The shift in short interest is the week's clearest data point. Short interest has climbed almost 8% over the past five sessions to 19.1% of the free float — a meaningful reversal from the covering trend documented just days ago, when SI had dropped to roughly 17.7%. The previous note flagged short sellers quietly retreating; that retreat has ended. Roughly 2.1 million additional shares are now estimated short compared to last week's trough. Yet the lending market itself is not signalling distress. Availability remains generous at 287% of short interest — well above its 52-week floor of 190% — and the cost to borrow is barely 0.41%, one of the lowest readings of the past year. Bears are adding positions, but the borrow market is accommodating rather than strained.
Options positioning has also shifted, though more modestly than short interest. The put/call ratio has edged up to 0.40 — slightly higher than last week's 0.38 — but remains well below its 20-day average of 0.46 and about 0.7 standard deviations beneath it. That keeps options sentiment net bullish relative to recent history. The contrast with April is still stark: the PCR ran above 0.57 through most of April before collapsing around the May 6 earnings beat. Call demand still dominates, even as some hedging has crept back in ahead of the June 11 print. The 52-week PCR range runs from 0.25 to 0.88 — at 0.40, the current reading is near the bullish end of that range.
The Street remains broadly constructive, though the picture is mixed at the margin. HC Wainwright reiterated its Buy rating and $70 target as recently as May 27, having raised that target from $60 following the Q1 beat. JP Morgan holds Overweight with a $46 target — more cautious on valuation but still positive on direction. Goldman Sachs sits at Neutral with a $39 target, essentially at current levels, implying the stock has run to where they see fair value. The mean analyst target of $48 implies roughly 31% upside from here, though that figure spans a wide range of views. Bulls point to BRIUMVI's real-world MS data, the subcutaneous formulation pipeline, and early CAR-T work with azer-cel. Bears flag competition in the anti-CD20 market, regulatory execution risk on next-generation formulations, and valuation — the PE has compressed about 4 points over the past 30 days to roughly 17x, and EV/EBITDA has eased to around 15x. The ORTEX short score of 73.9 ranks in the 7th percentile of the universe — a persistently elevated short-seller conviction reading that has barely moved over the past two weeks.
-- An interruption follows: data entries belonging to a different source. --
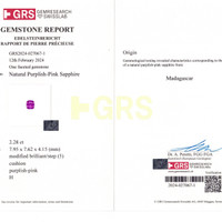 Millions of years ago, beneath the ancient landscapes of Madagascar, a remarkable natural process began in the heart of the earth. The GRS certified 2.28 carat purplish pink sapphire was slowly taking form. Deep underground where temperatures soar and pressures mount, elements such as aluminum and oxygen combined in perfect measure. During this remarkable geological episode, trace amounts of other elements subtly influenced the stone's color to produce a rare purplish pink hue. This time-intensive natural phenomenon, spanning countless millennia, resulted in the crystalline formation you now behold. The sapphire, having undergone the tumultuous yet precise processes of nature, emerged in its pristine state. Vestiges of this creation story are still evident in the stone's clarity and vibrancy, a testament to the geological conditions that shaped it.
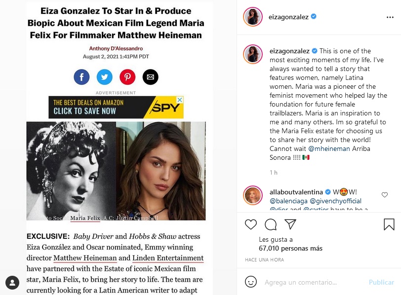 Después de que se diera a conocer la noticia, Eiza hizo una publicación en Instagram expresando la emoción que vive con esta nueva aventura.
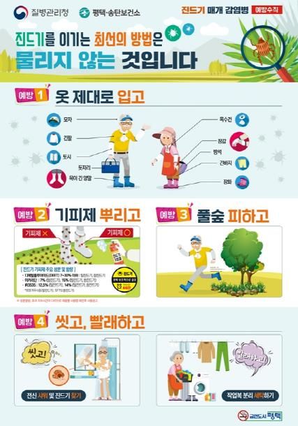 평택보건소 관계자는 “야외 활동 증가로 진드기 노출 기회가 많아지는 시기가 시작됨에 따라 진드기 매개 감염병 발생 예방을 위해 예방수칙을 준수해 줄 것”을 당부했다.
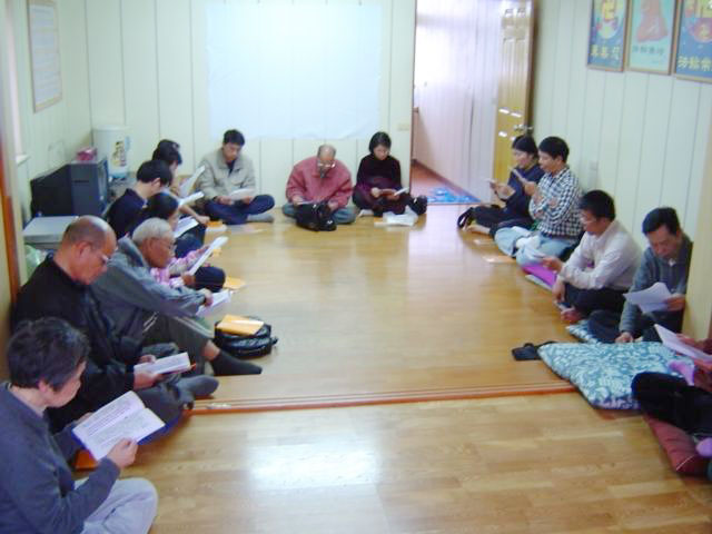 2005年2月9日 (农历大年初一),数十名宜兰县法轮功学员齐聚一堂,一起学习《洪吟》、《洪吟(二)》及新经文,并交流修炼心得。
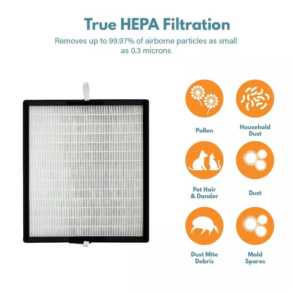 - True HEPA filtration removes up to 99.97% of airborne particles as small as 0.3-microns in size including smoke, dust, pollen, pet dander, mold spores and dust mites
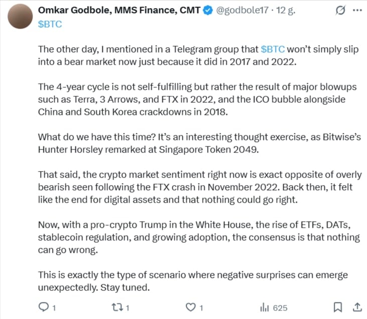 Между тем, рынок криптовалют остается полем столкновения крайне разных мнений. Хотя технический анализ Годболеа указывает на цель в 100 000 долларов США при поддержке 200-дневной простой скользящей средней на уровне 107 000 долларов США, некоторые эксперты смотрят в будущее с непоколебимым оптимизмом. Например, известный биткойн-энтузиаст Энтони Помплиано считает, что криптовалюта не перестанет расти, пока центральные банки продолжают печатать деньги, рассматривая BTC как инструмент защиты богатства в мире дешевых денег. Другой аналитик, apsk32, в своем сообщении на X (ранее Twitter) отметил, что BTC «продолжает на удивление точно повторять предыдущие циклы», и, если эта тенденция сохранится, мы можем увидеть пик около 200 000 долларов в ноябре или декабре 2025 года, несмотря на экономические проблемы.
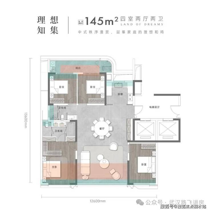 ①145㎡户型,四室两厅两卫,户型方正实用且三开间朝南,电梯前厅入户提升居住质感。值得一提的是南北双阳台设计,这在四代住宅中并不常见,实用性与舒适度双在线。
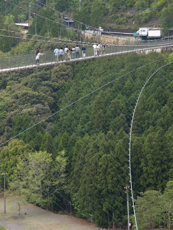 谷瀬の吊り橋は、おそらくこの村を有名にしている観光名所の一つ。もともとこの吊橋を訪ねようとしていたわけでは無いのですが、道中ずーっと現れる看板が気になって見に行ってみたという感じだったのですが、来てみて正解。川面からの高さは50メートル以上その長さ約300メートルの吊り橋で、深い山にすーっとひかれたその美しい姿とは裏腹にかなり揺れるので高所恐怖症の人にはかなり厳しい感じの吊り橋です。自分はそうではないのですが、踏み板が結構しなるので、そのまま足が抜けちゃうのではという怖さと、橋の真ん中付近は両サイドの網が自分の身体よりも低い場所に来ることもあって、スリル満点。
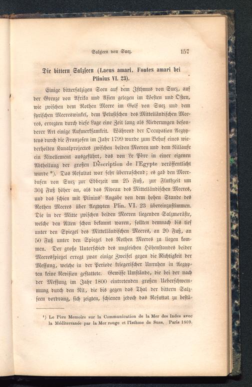 Einige bittersalzigen Seen auf dem Isthmus von Suez, aufder Grenze von Afrika und Asien gelegen im Westen und Osten,wie zwischen dem Rothen Meere im Golf von Suez und demsyrischen Mecreswinkel, dem Pelusischen des Mittelländischen Mee-res, erregten durch diese Lage eine Zeit lang als Niederungen beson-derer Art einige Aufmerksamkeit. Während der Occupatiou Aegpvtens durch die Franzosen im Jahr 1799 wnrde zum Behuf eines wie-derholten Kanalprojectes zwischen beiden Meeren und dem Nillaufeein Nivellement ausgeführt, das vou Le Ptzre in einer eigenenAbtheilung der großen Ovsoription cls l'U^pts veröffentlichtwurde Das Resultat war sehr überraschend; es gab den Meer^busen von Suez zur Ebbezeit um 25 Fuß, zur Fluthzeit um304 Fuß höher au, als das Niveau des Mittelländischen Meeres,und das schien mit Plinius ' Angabe von den: hohen Stande desRothen Meeres über Aegypten ?Iin. VI. 23 übereinzustimmen.Die in der Mitte zwischen beiden Meeren liegenden Salzmoräste,welche den Alten schon bekannt waren, sollten demnach bis tiesunter den Spiegel des Mittelländischen Meeres, an 20 Fuß, an50 Fuß unter den Spiegel des Rothen Meeres zu liegen kom-men. Der große Unterschied des ungleichen Höhenstandes beiderMeeresspiegel erregt zwar einige Zweifel gegen die Richtigkeit derMessung, welche iu der Periode kriegerischer Unruhen in Aegyp-ten keine Revision gestattete. Gewisse Umstände, die bei der nachder Messung im Jahr 1800 eintretenden großen Überschwem-mung durch den Nil, die bis gegen das Thal der bittern Salz-seen vordrang, sich zeigten, schienen jedoch das Resultat zu bestä-
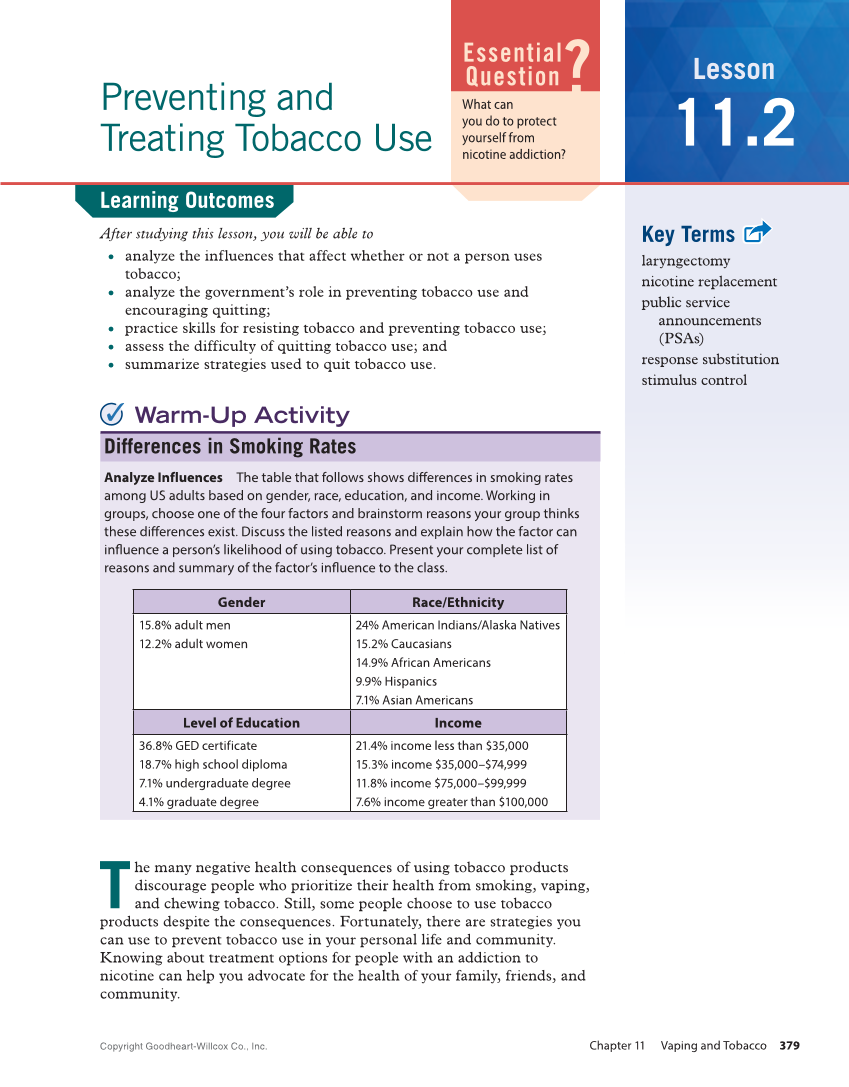 ? Lesson 11.2 Essential Question What can you do to protect yourself from nicotine addiction? Key Terms laryngectomy nicotine replacement public service announcements (PSAs) response substitution stimulus control Preventing and Treating Tobacco Use Analyze Influences The table that follows shows differences in smoking rates among US adults based on gender, race, education, and income. Working in groups, choose one of the four factors and brainstorm reasons your group thinks these differences exist. Discuss the listed reasons and explain how the factor can influence a person’s likelihood of using tobacco. Present your complete list of reasons and summary of the factor’s influence to the class. Gender Race/Ethnicity 15.8% adult men 12.2% adult women 24% American Indians/Alaska Natives 15.2% Caucasians 14.9% African Americans 9.9% Hispanics 7.1% Asian Americans Level of Education Income 36.8% GED certificate 18.7% high school diploma 7.1% undergraduate degree 4.1% graduate degree 21.4% income less than $35,000 15.3% income $35,000–$74,999 11.8% income $75,000–$99,999 7.6% income greater than $100,000 Learning Outcomes After studying this lesson, you will be able to ● ● analyze the influences that affect whether or not a person uses tobacco ● ● analyze the government’s role in preventing tobacco use and encouraging quitting ● ●● practice skills for resisting tobacco and preventing tobacco use ●● assess the difficulty of quitting tobacco use and ● summarize strategies used to quit tobacco use. Warm-Up Activity Differences in Smoking Rates T he many negative health consequences of using tobacco products discourage people who prioritize their health from smoking, vaping, and chewing tobacco. Still, some people choose to use tobacco products despite the consequences. Fortunately, there are strategies you can use to prevent tobacco use in your personal life and community. Knowing about treatment options for people with an addiction to nicotine can help you advocate for the health of your family, friends, and community. Copyright Goodheart-Willcox Co., Inc. Chapter 11 Vaping and Tobacco 379
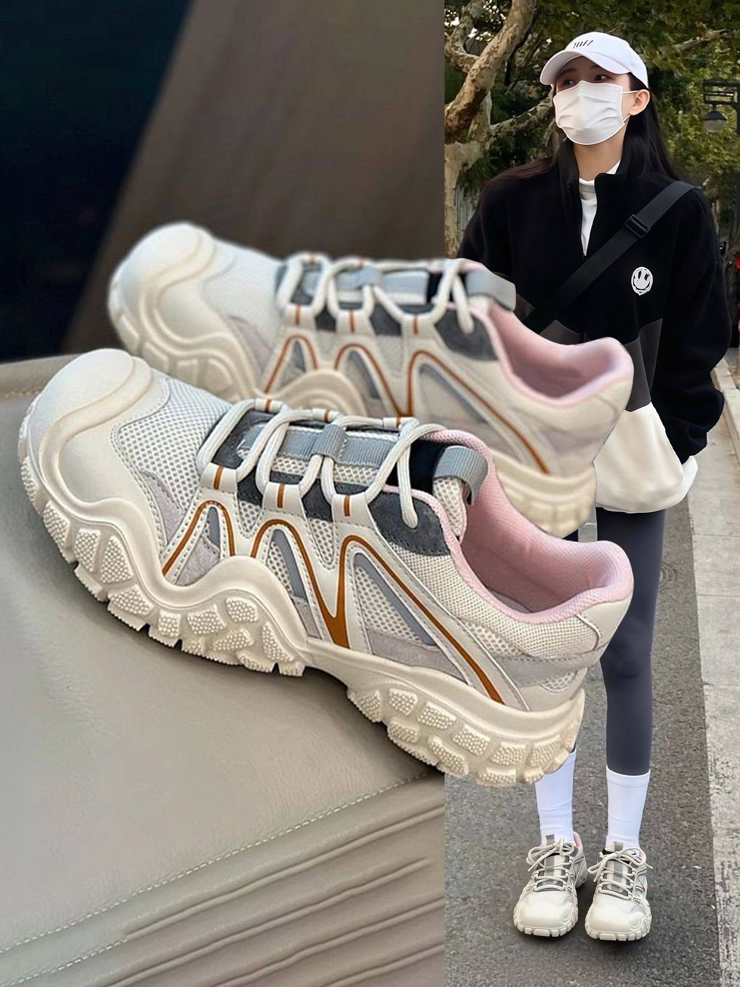 Hong Kong Thick-Soled Mesh Sneakers for Women 2026 Spring and Autumn New Casual Hiking Shoes Breathable Running Shoes Dad Shoes
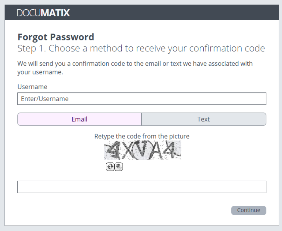 - You will see options to receive a reset code by Email or Text. Pick whichever works best for you.
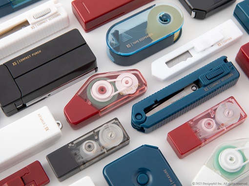 機能性と携帯性を追求したステーショナリーシリーズ「XS」の8アイテムを、黒、白、えんじ、紺の4色にカラーチェンジを行います。
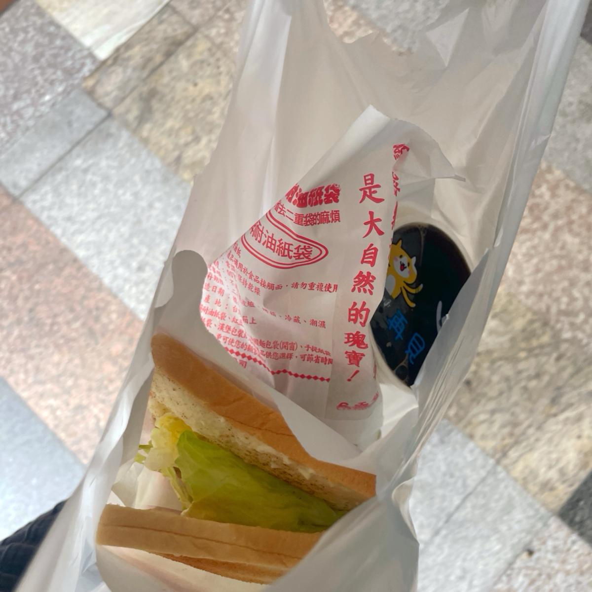 中にはハム、卵、レタス、トマトのスライス、そして麦香鶏が入っていて、全体的に豊富だった。

Among peers, the week's weakness in TGTX has company. URGN fell nearly 10% on the week and NUVL dropped 13%. AVTX led decliners with a 13% slide. The notable exception was VCYT, which gained 8% — suggesting dispersion rather than a clean sector-wide rotation. TGTX's 8% weekly decline sits squarely in the middle of the peer pack, making it less a stock-specific event and more a biotech tape story ahead of a busy catalyst week.
What changes after June 11 is less whether BRIUMVI is growing and more whether the subcutaneous formulation timeline and early azer-cel data can justify re-expanding the bear camp — or give the covering trade a reason to resume.